_Supplied material_.
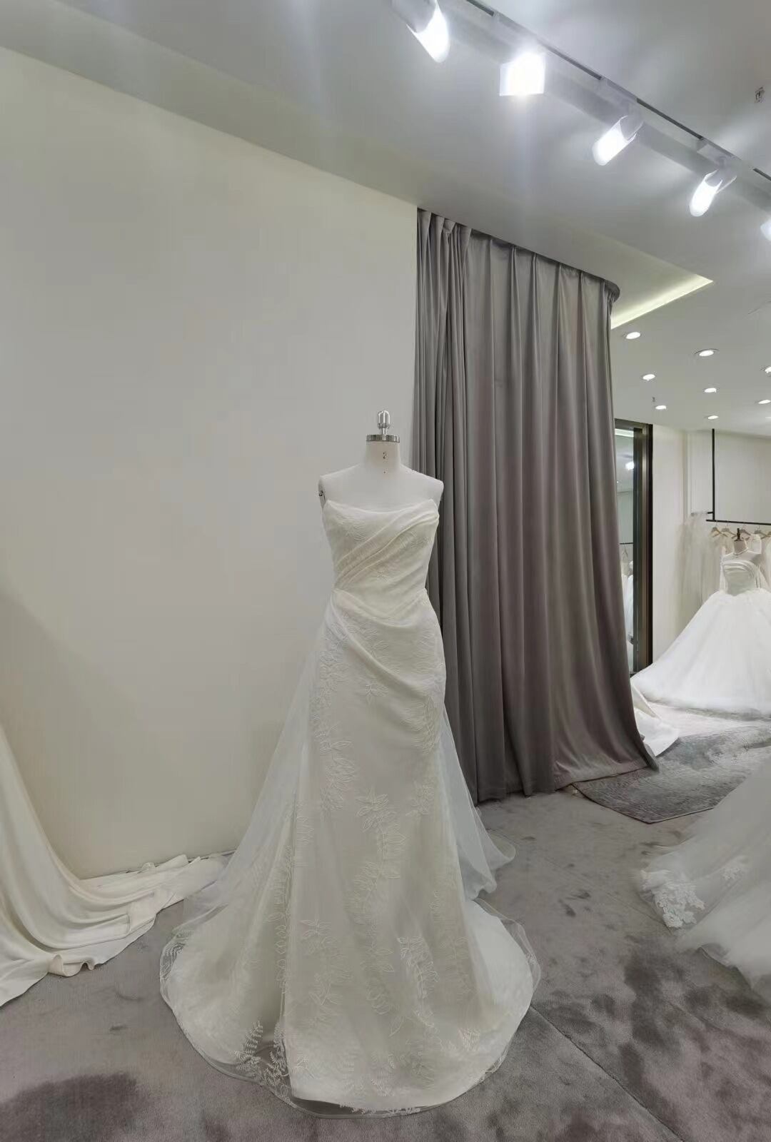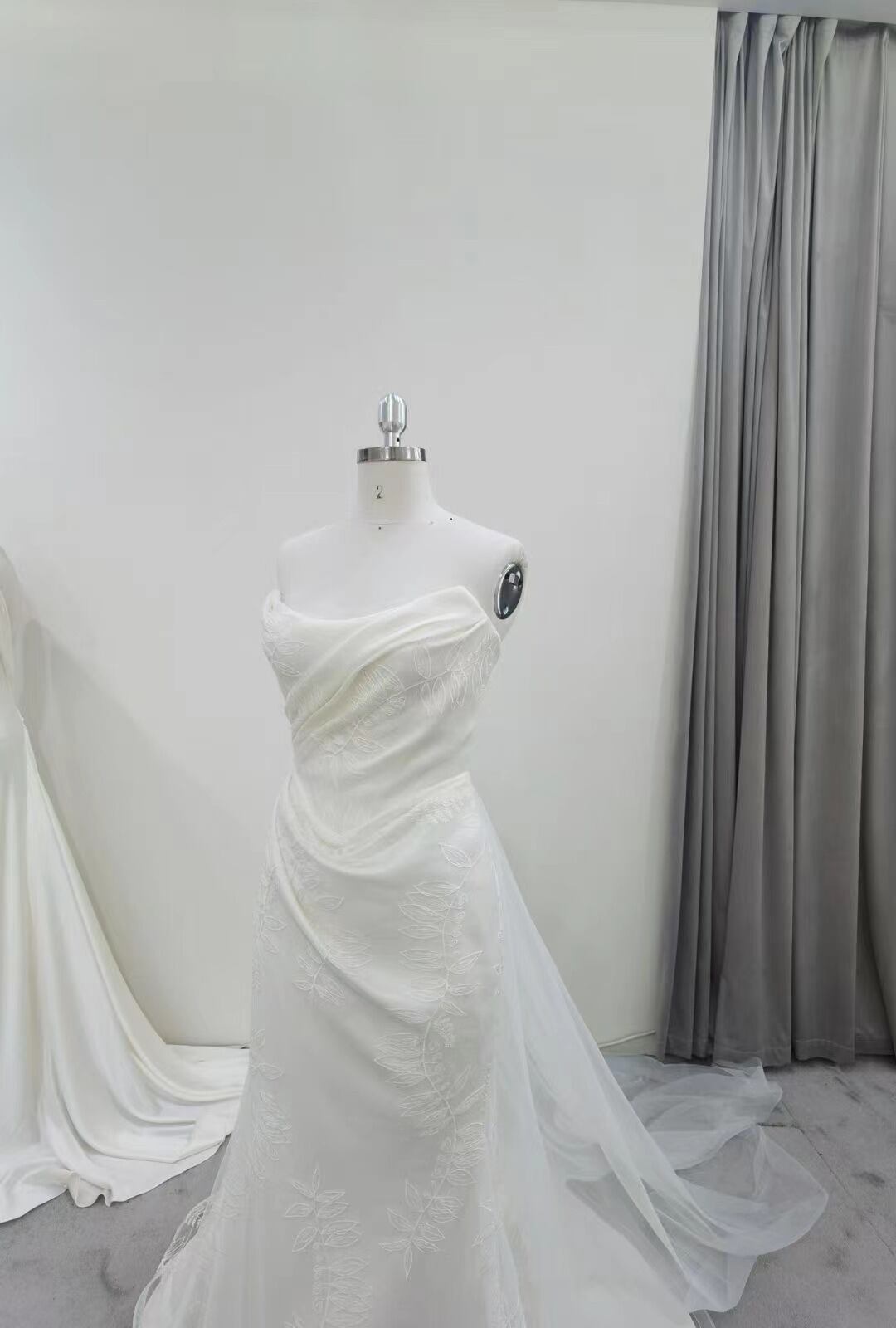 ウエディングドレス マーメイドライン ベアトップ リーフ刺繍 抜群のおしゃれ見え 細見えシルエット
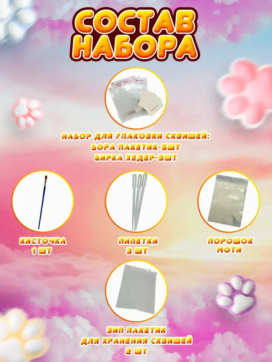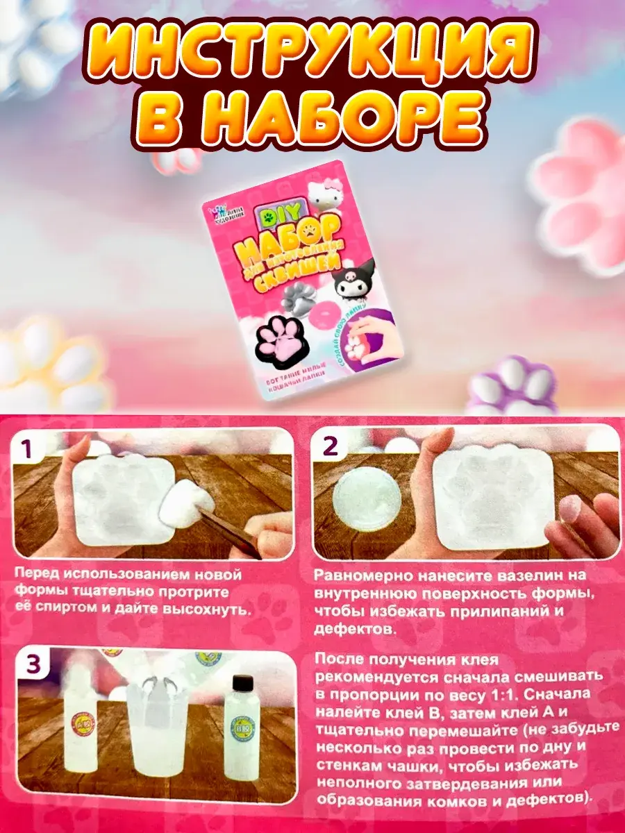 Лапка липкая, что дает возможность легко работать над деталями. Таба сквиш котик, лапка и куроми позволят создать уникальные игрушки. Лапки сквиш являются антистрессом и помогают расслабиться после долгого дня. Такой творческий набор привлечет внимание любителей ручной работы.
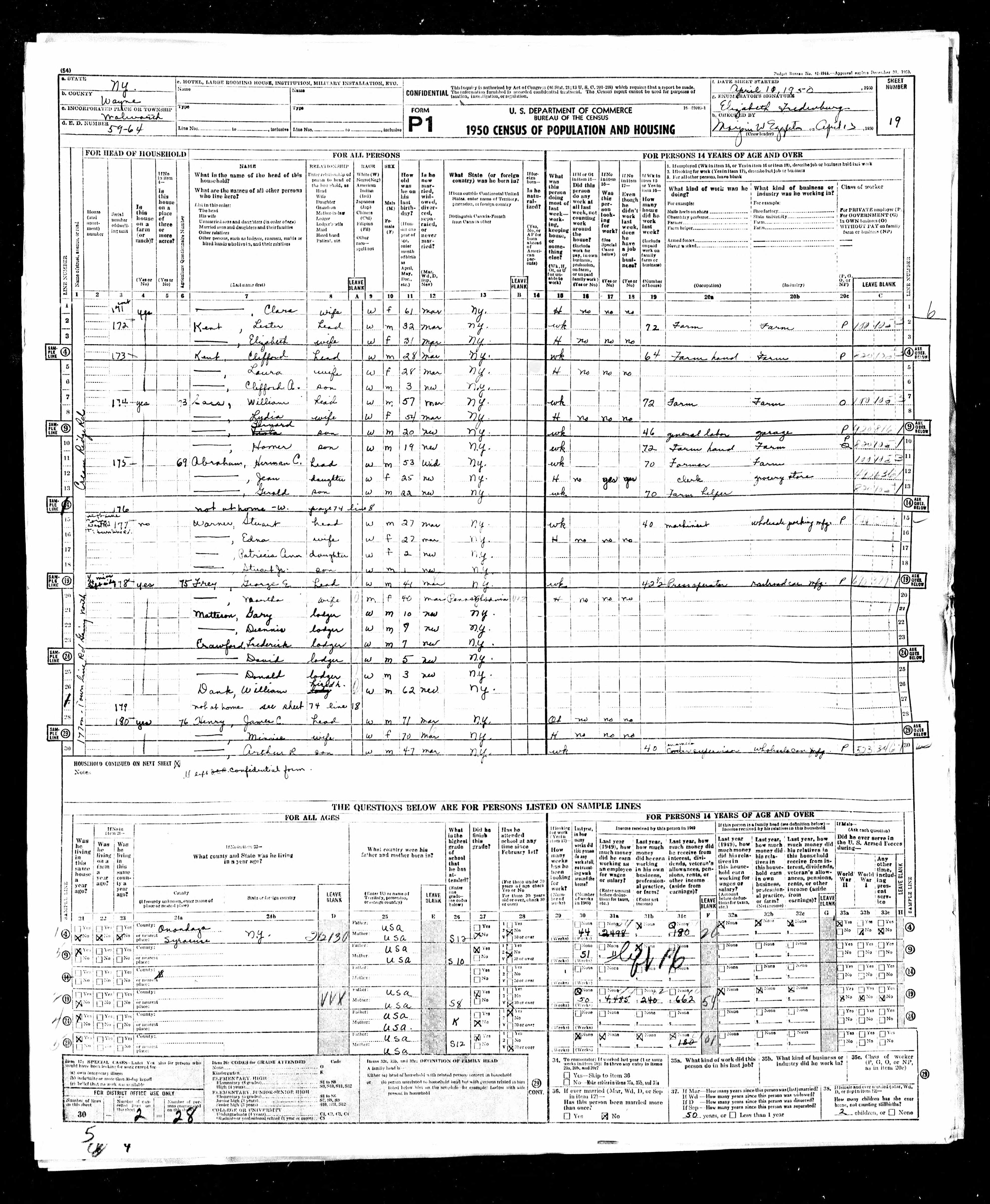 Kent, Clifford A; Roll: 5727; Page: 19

_Required action_. Exact repetition of the material above is required, with the images removed.

_Exercise solution_.
 ウエディングドレス マーメイドライン ベアトップ リーフ刺繍 抜群のおしゃれ見え 細見えシルエット
 Лапка липкая, что дает возможность легко работать над деталями. Таба сквиш котик, лапка и куроми позволят создать уникальные игрушки. Лапки сквиш являются антистрессом и помогают расслабиться после долгого дня. Такой творческий набор привлечет внимание любителей ручной работы.
 Kent, Clifford A; Roll: 5727; Page: 19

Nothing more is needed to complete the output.